Work required: Starting with the first line of the data below, copy each line up to and including the one containing "Lightweight, smooth, pure". Pictures stay out.

☆ ☆ ☆

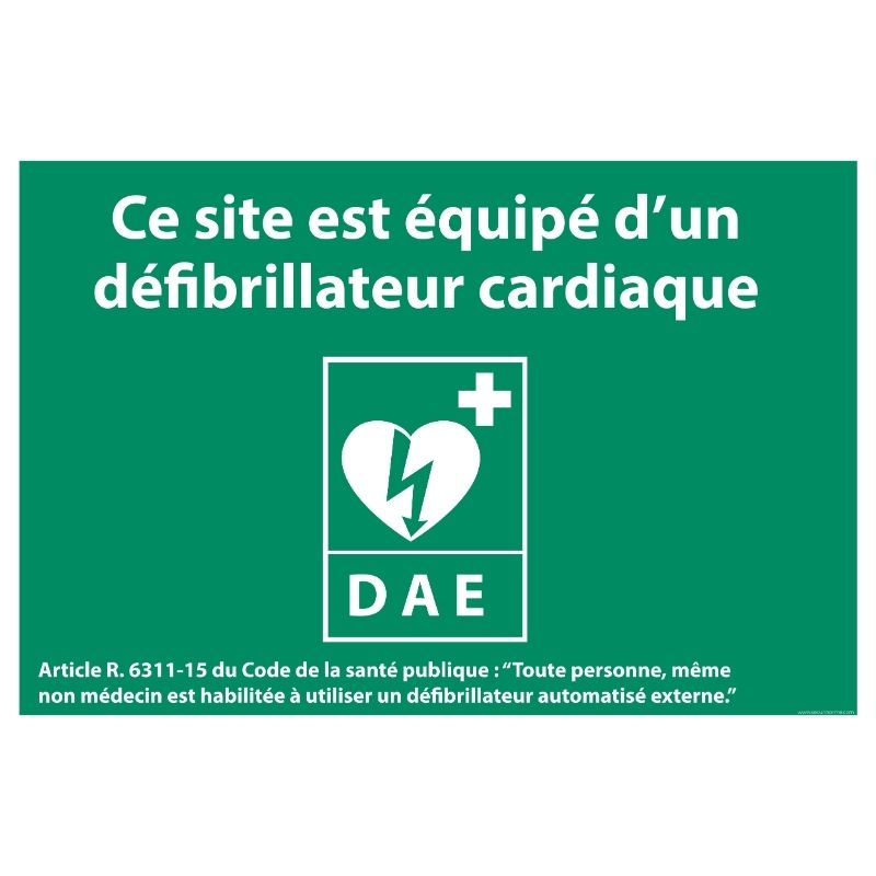 Assurez la sécurité de vos locaux avec notre panneau DAE "Ce site est équipé d'un défibrillateur cardiaque". Idéal pour signaler la présence d’un défibrillateur automatisé externe (DAE), ce panneau est conforme aux normes ISO EN 7010 et à l'arrêté du 29 octobre 2019, pour une identification efficace en cas d'urgence.
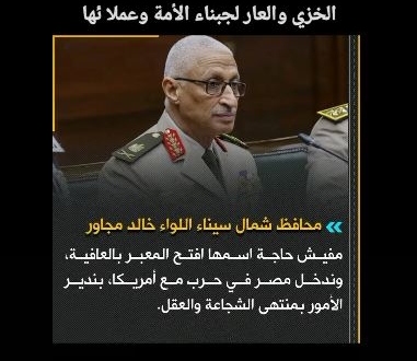 وسخر حسن الحسنات من تصريح مجاور قائلا: #حصحص_الحق #وظهرت_الحقيقة قال اللواء خالد مجاور محافظ شمال سيناء : – * ندير الأمور بمنتهى الشجاعة والعقل، لن نفتح معبر رفح بالعافية ونضيع مصر بإدخالها في حرب مع أمريكا"، مستدركا "في حين قال ال سي سي أنه لم يغلق معبر رفح دقيقة واحدة.. وقال نفس الكلام مدبولي رئيس الوزراء المصري أن مصر لم تغلق معبر رفح وانه مفتوح على طول.. من الصادق ومن الكاذب منهم. وحتى يعلم العرب من الخائن ومن يشارك بإبادة الشعب الفلsطيني.".
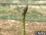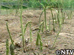 | アスパラガス栽培3年目。太い物で1.3センチ、長さ28cmのものが現れたが、一株あたりの太い若茎の数が少ない。 立茎させる茎が細すぎると根に送る養分量も少ないので、今この段階で太い茎を収穫してしまうと来年も太い茎の本数は期待出来ないので、この年は収穫を断念。 |
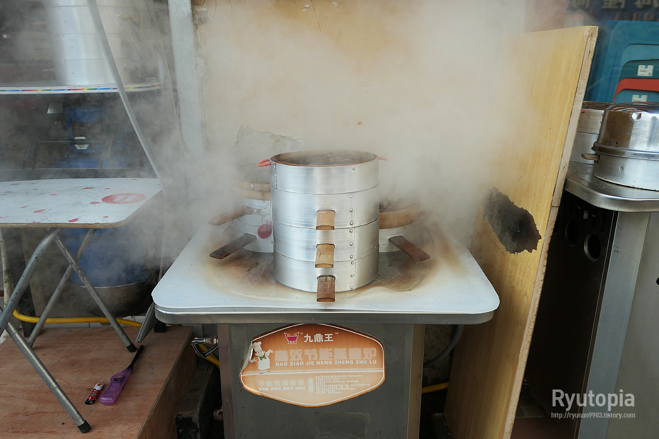 가게 앞 찜기에서 이렇게 무럭무럭 김을 내며 만두가 쪄지고 있는데, 이걸 안 먹고 넘긴다고? 있을 수 없는 일.
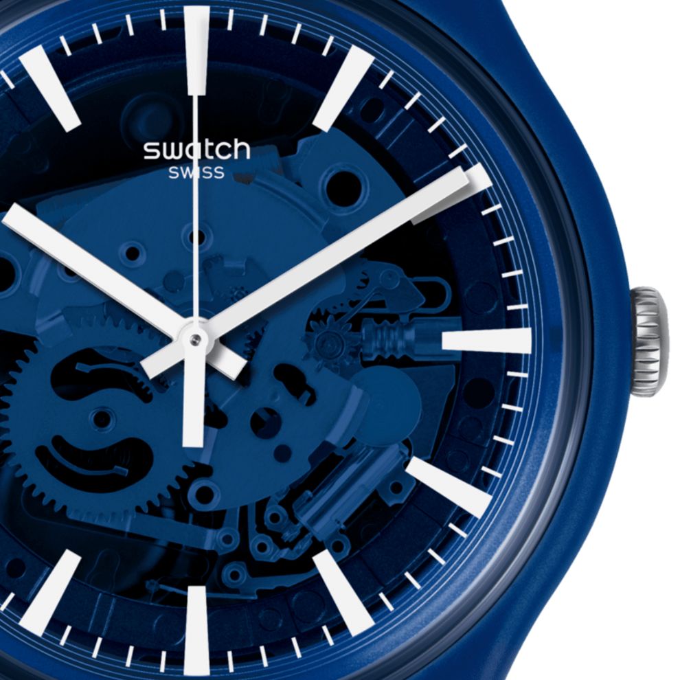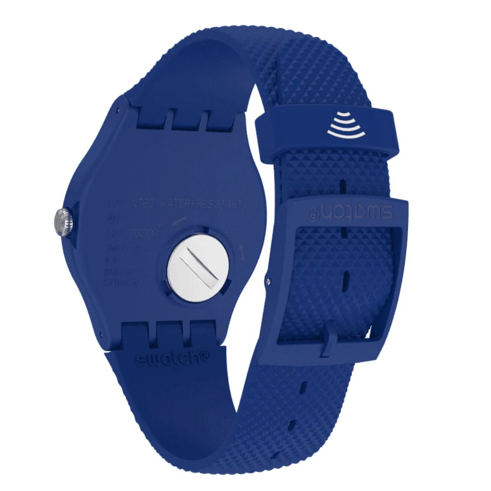 L'intenso blu opaco della cassa in plastica, come anche del cinturino e del passante in silicone, fa da sfondo al quadrante blu trasparente alla moda con stampa bianca di questo New Gent SwatchPAY!.
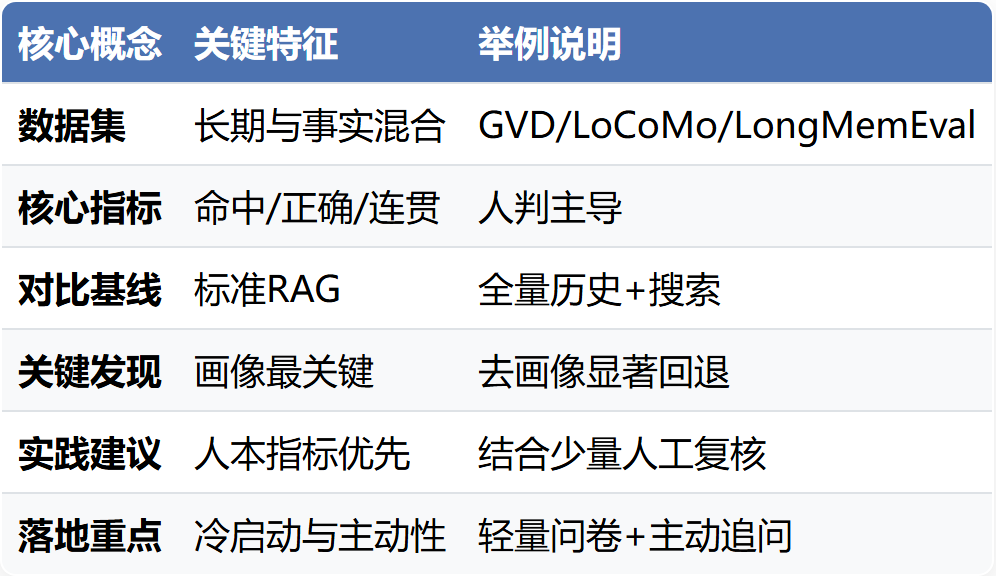 4.自动指标(ROUGE、BertScore)与人类目标弱相关,个性化评测应以检索命中、正确性、连贯性为主。
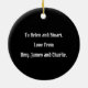 Lightweight, smooth, pure white ornament with nice sheen. Perfect size to be seen from across the room ... and to attract closer inspection! Price was great for ordering enough for the whole family! Clear, bold black design just as requested. Matches the order exactly. Just so nice!
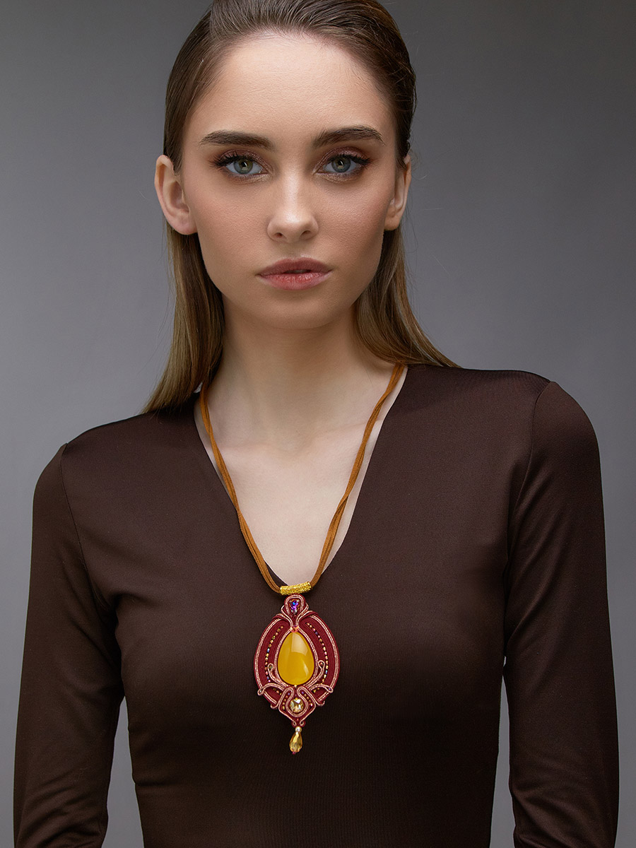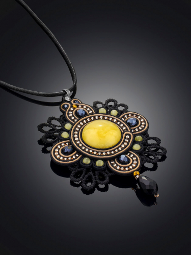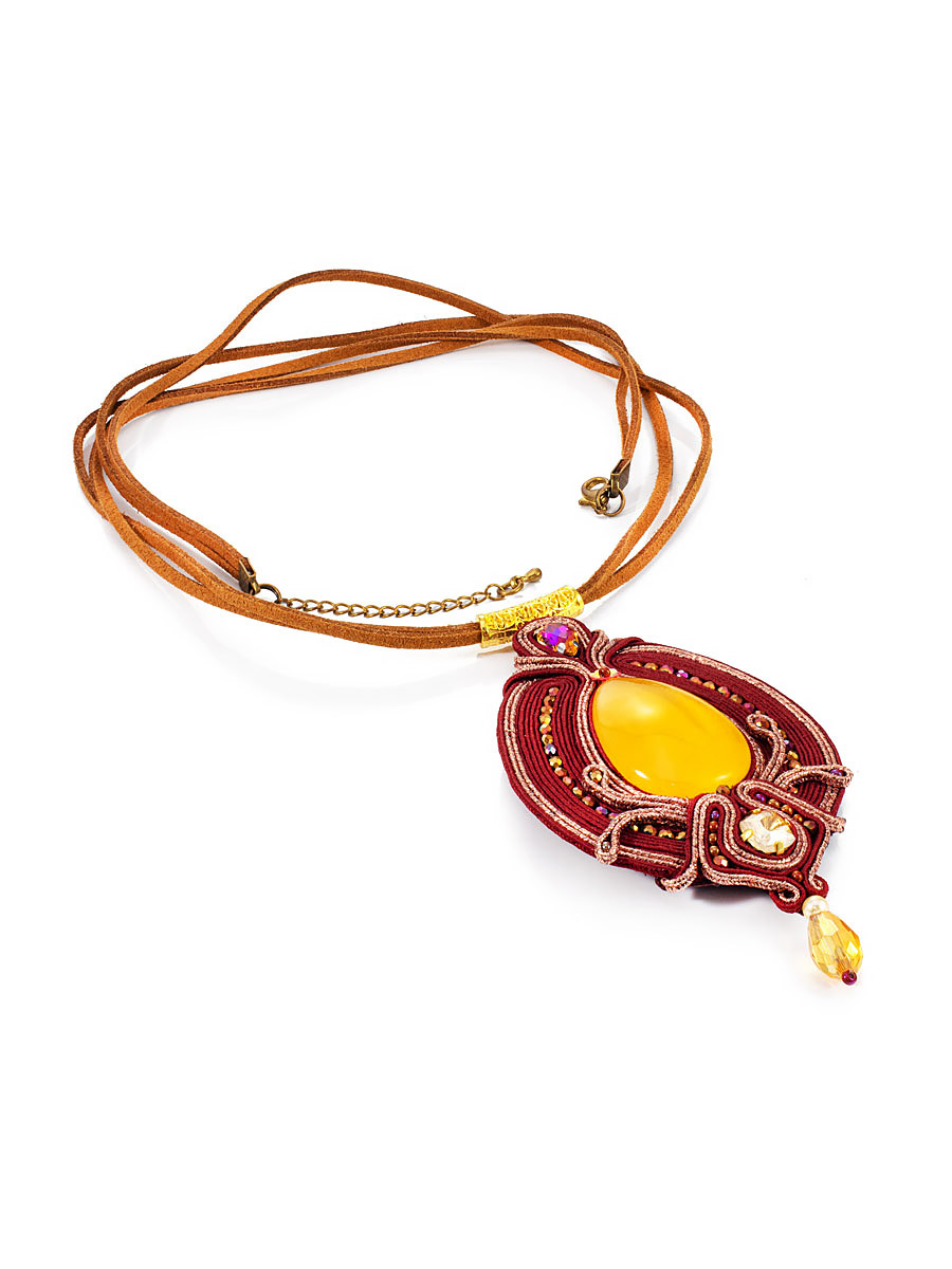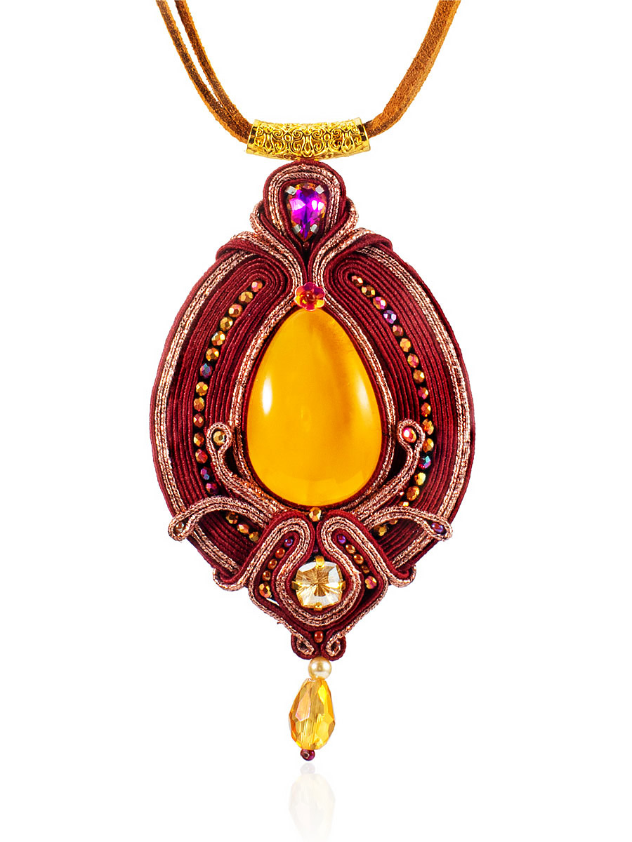 Размеры камня (мм): 33х18х7 Вес и..показатьзделия (г): 13.8 Размер / длина (см): 9.5 Цвет: медовый Материалы: Натуральный янтарь / Текстиль / Бисер / Кристаллы / Кожа Коллекция: Индиязделия (г): 13.8 Ошибка при загрузке данных! (https://amberholl.ru/opt/catalog/amber_pendants/natural_amber_pendant_k211216/)

☆ ☆ ☆

Written solution:
 Assurez la sécurité de vos locaux avec notre panneau DAE "Ce site est équipé d'un défibrillateur cardiaque". Idéal pour signaler la présence d’un défibrillateur automatisé externe (DAE), ce panneau est conforme aux normes ISO EN 7010 et à l'arrêté du 29 octobre 2019, pour une identification efficace en cas d'urgence.
 وسخر حسن الحسنات من تصريح مجاور قائلا: #حصحص_الحق #وظهرت_الحقيقة قال اللواء خالد مجاور محافظ شمال سيناء : – * ندير الأمور بمنتهى الشجاعة والعقل، لن نفتح معبر رفح بالعافية ونضيع مصر بإدخالها في حرب مع أمريكا"، مستدركا "في حين قال ال سي سي أنه لم يغلق معبر رفح دقيقة واحدة.. وقال نفس الكلام مدبولي رئيس الوزراء المصري أن مصر لم تغلق معبر رفح وانه مفتوح على طول.. من الصادق ومن الكاذب منهم. وحتى يعلم العرب من الخائن ومن يشارك بإبادة الشعب الفلsطيني.".
 | アスパラガス栽培3年目。太い物で1.3センチ、長さ28cmのものが現れたが、一株あたりの太い若茎の数が少ない。 立茎させる茎が細すぎると根に送る養分量も少ないので、今この段階で太い茎を収穫してしまうと来年も太い茎の本数は期待出来ないので、この年は収穫を断念。 |
 가게 앞 찜기에서 이렇게 무럭무럭 김을 내며 만두가 쪄지고 있는데, 이걸 안 먹고 넘긴다고? 있을 수 없는 일.
 L'intenso blu opaco della cassa in plastica, come anche del cinturino e del passante in silicone, fa da sfondo al quadrante blu trasparente alla moda con stampa bianca di questo New Gent SwatchPAY!.
 4.自动指标(ROUGE、BertScore)与人类目标弱相关,个性化评测应以检索命中、正确性、连贯性为主。
 Lightweight, smooth, pure white ornament with nice sheen. Perfect size to be seen from across the room ... and to attract closer inspection! Price was great for ordering enough for the whole family! Clear, bold black design just as requested. Matches the order exactly. Just so nice!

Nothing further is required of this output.